This guide covers the entire evaluation lifecycle: understanding what the major benchmarks actually measure, recognizing their limitations, building custom evaluation pipelines tailored to your use case, applying statistical rigor to model comparisons, and integrating evaluations into CI/CD workflows for continuous quality assurance.
Major LLM Benchmarks: What They Measure and Where They Fall Short
Benchmark Comparison Table
| Benchmark | Domain | Format | Size | Key Metric | Strengths | Limitations |
|---|---|---|---|---|---|---|
| MMLU | 57 academic subjects | Multiple choice (4-way) | 15,908 questions | Accuracy (%) | Broad knowledge coverage, widely adopted | Saturated (~90%+ for top models), known ground-truth errors |
| HumanEval | Python coding | Code generation | 164 problems | pass@k | Functional correctness via tests | Small dataset, Python-only, no complex system design |
| HELM | 16+ core scenarios | Mixed (MC, generation) | Varies per scenario | 7 metrics (accuracy, fairness, etc.) | Holistic multi-metric evaluation | Computationally expensive, complex setup |
| MT-Bench | 8 conversation categories | Multi-turn dialogue | 80 questions | GPT-4 judge score (1-10) | Tests conversation quality | Judge model bias, limited question count |
| GPQA | Graduate-level STEM | Multiple choice | 448 questions | Accuracy (%) | Expert-level difficulty | Very small, narrow domain coverage |
| MMLU-Pro | Extended academic | 10-way multiple choice | 12,032 questions | Accuracy (%) | Harder than MMLU, less saturation | Still multiple-choice format |
| BigCodeBench | Complex coding tasks | Code generation | 1,140 tasks | pass@1 | Real-world library usage | Execution environment complexity |
| IFEval | Instruction following | Constrained generation | 541 prompts | Strict/Loose accuracy | Tests precise instruction adherence | Narrow evaluation scope |
MMLU: The Standard (and Its Problems)
MMLU (Measuring Massive Multitask Language Understanding) was introduced by Hendrycks et al. in 2020 as a challenge benchmark. When released, GPT-3 175B scored just 43.9%. By mid-2024, leading models like Claude 3.5 Sonnet, GPT-4o, and Llama 3.1 405B consistently scored above 88%.
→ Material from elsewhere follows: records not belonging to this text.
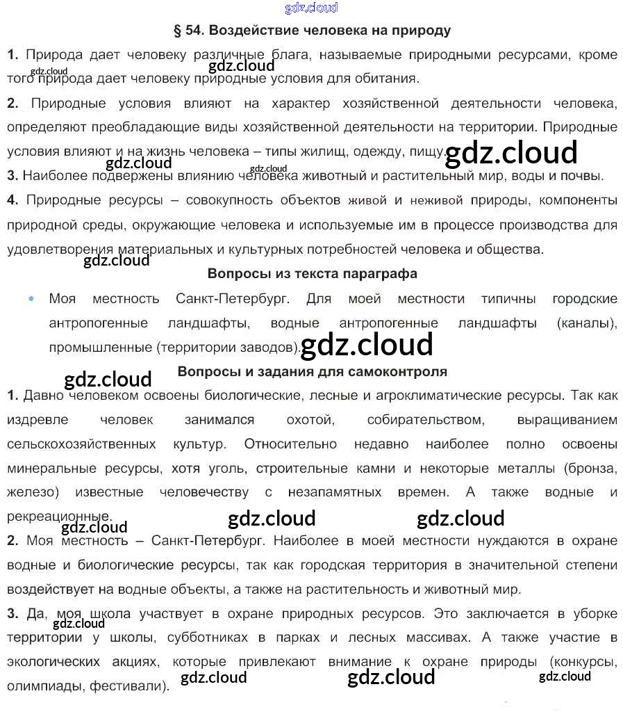 Ответ на задание 54 Учебник География за 8 (восьмой) класс Баринова УМК 2019 ФГОС онлайн и без номера телефона.
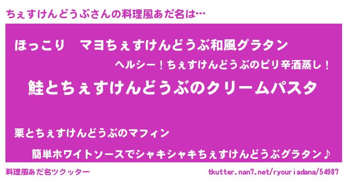 | ヒーロー風カッコイイあだ名 | 『慈愛の使者ちぇすけんどうぶ』 |
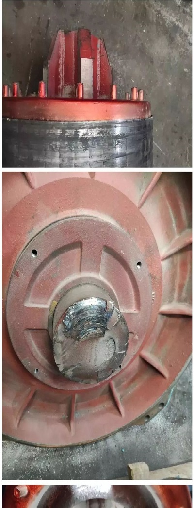 某修理公司承接了一臺YE3-355-6 380V 50Hz 220kW電機,該電機實際配套破碎設備,軸采用幅板結構,斷裂口在軸伸端幅板端部位置,因為軸斷裂,電機已嚴重掃膛;該電機采用皮帶輪傳動,使用20天左右。以下是現場拍到的斷口圖片: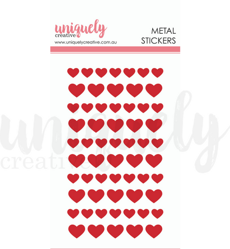 60 self-adhesive red metal heart stickers included in each pack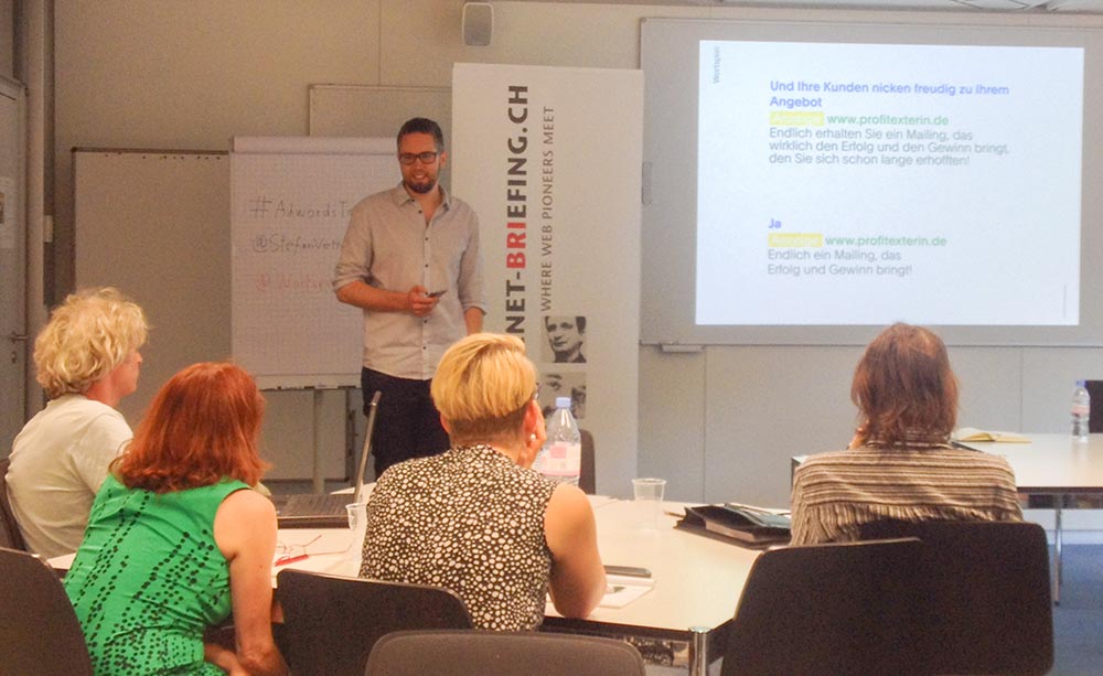 Gestern durfte ich auf Einladung von Reto Hartinger zu diesem Thema ein Referat beim Internet Briefing in Bern halten. In dem Vortrag habe ich fünf Strategien vorgestellt, mit denen sich Anzeigentexte für AdWords optimieren lassen. Jede der Strategien wurde als Workshop anhand praktischer Beispiele vorgestellt, bei denen das Publikum sich intensiv einbringen durfte.

A critical 2024 analysis of 5,700 MMLU questions revealed a significant number of ground-truth errors in the dataset. This means that models are sometimes penalized for giving correct answers, or rewarded for memorizing incorrect ones.
Key takeaway: MMLU is useful for rough capability triage but should never be the sole evaluation criterion.
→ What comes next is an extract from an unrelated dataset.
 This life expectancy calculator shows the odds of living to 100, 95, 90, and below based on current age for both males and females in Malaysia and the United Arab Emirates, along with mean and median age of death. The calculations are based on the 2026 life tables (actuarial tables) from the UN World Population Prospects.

HumanEval: Measuring Code Generation
HumanEval, introduced by Chen et al. at OpenAI in 2021, consists of 164 hand-written Python programming problems. Each problem includes a function signature, docstring, reference implementation, and an average of 7.7 unit tests. The pass@k metric measures the probability that at least one of k generated samples passes all tests.
# Example: How HumanEval pass@k is calculated
import numpy as np
from typing import List
def estimate_pass_at_k(
num_samples: int,
num_correct: int,
k: int
) -> float:
"""
Estimates pass@k using the unbiased estimator from Chen et al. (2021).
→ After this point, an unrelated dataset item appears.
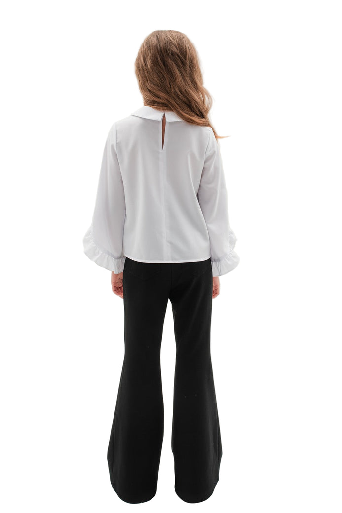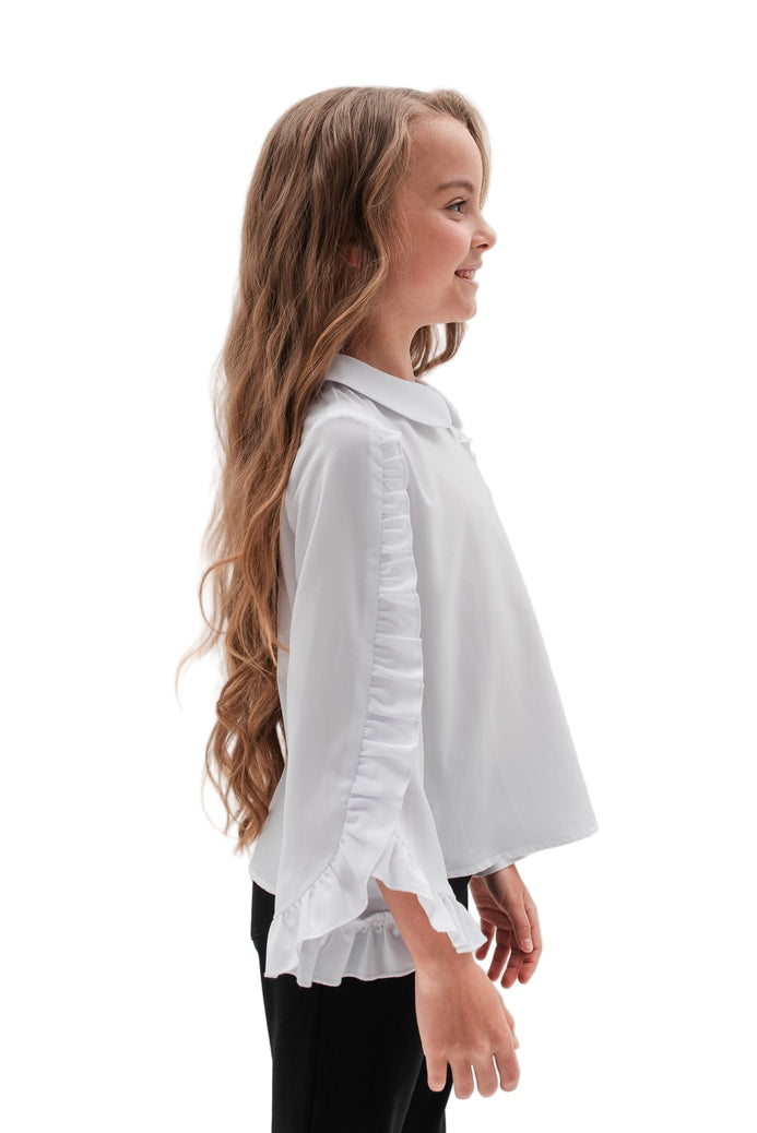 Bluza alba pentru fete cu volane delicate si maneci evazate este ideala pentru tinute scolare.

This avoids the high-variance naive estimator (sampling k and checking).
Instead, it computes: 1 - C(n-c, k) / C(n, k)
where n = num_samples, c = num_correct.
"""
if num_correct == 0:
return 0.0
if num_samples - num_correct < k:
return 1.0
# Use logarithms for numerical stability
log_numerator = sum(
np.log(num_samples - num_correct - i) for i in range(k)
)
log_denominator = sum(
np.log(num_samples - i) for i in range(k)
)
return 1.0 - np.exp(log_numerator - log_denominator)
# Example: model got 120 correct out of 164 problems, k=1
score = estimate_pass_at_k(num_samples=164, num_correct=120, k=1)
print(f"pass@1: {score:.4f}") # pass@1: 0.7317
HELM: Holistic Evaluation
Stanford CRFM's HELM framework evaluates models across 7 dimensions: accuracy, calibration, robustness, fairness, bias, toxicity, and efficiency. The 2025 HELM Capabilities update added newer models and scenarios including MMLU-Pro, GPQA, IFEval, and WildBench.
MT-Bench: Conversational Quality
MT-Bench uses 80 multi-turn questions across 8 categories (writing, roleplay, extraction, reasoning, math, coding, STEM knowledge, humanities). A strong LLM judge (typically GPT-4) scores responses on a 1-10 scale. Research by Zheng et al. showed that GPT-4 judgments achieve over 80% agreement with human evaluators.
Evaluation Pipeline Architecture
Building a production evaluation pipeline requires more than running a benchmark script. Below is the architecture for a robust, automated evaluation system.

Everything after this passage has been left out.